Zaproszone referaty plenarne XXI Krajowej Konferencji Automatyki 2023

 

Energy-efficient wireless sensor networks: models, algorithms, applications

Ewa Niewiadomska-Szynkiewicz Institute of Control and Computation Engineering Warsaw University of Technology   Download the presentation

 

Progress in hardware and networking technologies enables the large-scale deployment of collaborating smart devices and the creation of modern data acquisition systems. Recently, tremendous interest can be seen in the design and development of wireless sensor networks (WSNs), i.e., self-configuring networks built from numerous embedded devices equipped with a Central Processing Unit (CPU), radio transceiver and sensing modules. Such systems that utilize ad hoc networking – a new paradigm of communication where all wireless devices exchange data and communicate with each other in a collaborative way to achieve a common goal can significantly enhance the capability to sense and control physical environments. The potential applications contain comprehensive surrounding monitoring, unmanned space exploration, disaster management, object tracking, surveillance systems, etc. Rising demand for capabilities of sensing systems, lack of fixed network infrastructure, and limited energy and computation resources of their components provoke a broad spectrum of hardware and software engineering challenges involving high quality and secure communication, optimal deployment, localization, energy-efficiency, self-operability, scalability, performance and security. To meet these needs, various methods are used and implemented, resulting in the development of novel communication protocols, data acquisition algorithms, deployment techniques, localization schemes and computation architectures.

The talk addresses sensing networks' modelling, design and development issues. A model of a mobile, energy-aware wireless sensor network is provided. Radio transmission models used in the research and design of such type of networks are presented and discussed. Due to the limited resources available in sensor networks, achieving a desired trade-off between power consumption and network performance is extremely important. Therefore, attention is focused on various energy-saving techniques and computing architectures.
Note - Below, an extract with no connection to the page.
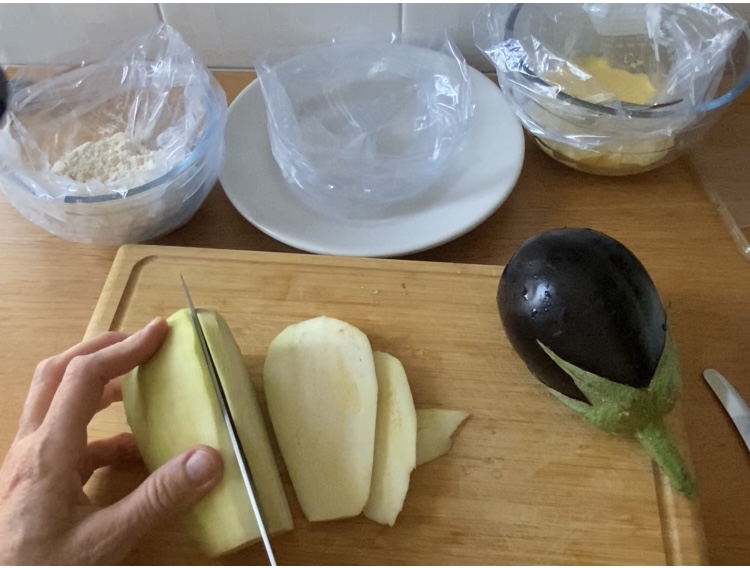 Pasa las rodajas de berenjenas por la harina, cuidando de cubrir bien cada rodaja.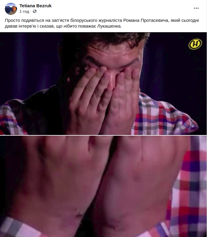 Вот эти руки - это полностью уничтожает всю достоверность всего того, что сейчас извергают в телеэфире, все те слова, которые сейчас заставляют произнести Романа. За это интервью надо вводить против Лукашенко и его банды дополнительные санкции", - написал украинский журналист Юрий Бутусов.

Considered are approaches involving network clustering, controlling both device activity and the transmitted signal's power level. The computing architectures utilizing fog and edge computing paradigms are proposed. Other issues considered are online localization of a set of devices and motion patterns calculation to form a cooperative and coherent network. We survey a spectrum of solutions, including the results of our research and discuss their advantages and disadvantages based on experiments conducted in simulators and testbed networks. The talk concludes with a presentation of a self-organizing and collaborative network that enables continuous sensing of clouds created by heavy hazardous toxic substances and automatically adopts its behaviour to changes in the environment to achieve a goal.

Ewa Niewiadomska-Szynkiewicz, PhD, DSc is a professor of technical sciences. She took a PhD and DSc degrees in automatic control and robotics, both from the Warsaw University of Technology (WUT). In 2017 she received a professor's nomination from the President of Poland. Since 1988 with the Faculty of Electronics and Information Technology (WUT), currently a full professor and head of the Complex Systems Group (WUT). Since 2022 expert and director's advisor at the Central Mining Institute (GIG) and vice president of the Information Sharing and Analysis Center for the Mining and Energy Sector (ISAC-GIG). In 2009 - 2022 Deputy Director - Director for Research at the National Research Institute NASK and head of the Center for Research and Technology Transfer. In 1999 – 2001 an employee of Knowledge Support Systems Group plc., UK. In 2010 -2016 an expert on the Polish Accreditation Committee. Since 2012 a member of the Committee on Automatic Control and Robotics of the Polish Academy of Sciences, currently head of the Decision Supporting Systems Section. Since 2016 a member of the Council for the Foundation of Systemic Sciences. She coordinated several the groups' activities. She participated in about 50 national and international research projects, including EU projects (5th FP, 7th FP, and Horizon 2020) and works carried out under the cooperation of research groups and commercial companies. For many years she was involved in research on complex systems modelling, control and optimization, decision support systems, computer simulation, ICT systems, cybersecurity, and high-performance computing. She is the author and co-author of 4 books and about 200 journal and conference papers. She was awarded many times for scientific work.

 

Roboty mobilne, które ratują życie. Zastosowania praktyczne i najnowsze trendy rozwojowe.

 

Piotr Szynkarczyk Sieć Badawcza Łukasiewicz – Przemysłowy Instytut Automatyki i Pomiarów PIAP

 

Since the beginning there has been a constant evolution in the development of mobile robots used in the army, police and in other similar application areas. There are also new tactics to use them. At first, these were very simple devices created as a result of the personal involvement of police pyrotechnicians, later these works were institutionalized and mobile robots became more advanced. For many later years, the shape of these designs was mainly the result of technical conditions. As a result of further - ongoing - development, mobile robots began to have functionalities increasingly resulting from the needs of users and the tactics of their use. As a result of this process, the range of robot applications has expanded significantly in recent years. This is related to both technological progress and the increase in the awareness of users who more and more clearly see the legitimacy of replacing humans with robotic systems in some tasks, and also see the benefits of cooperation between humans and robots.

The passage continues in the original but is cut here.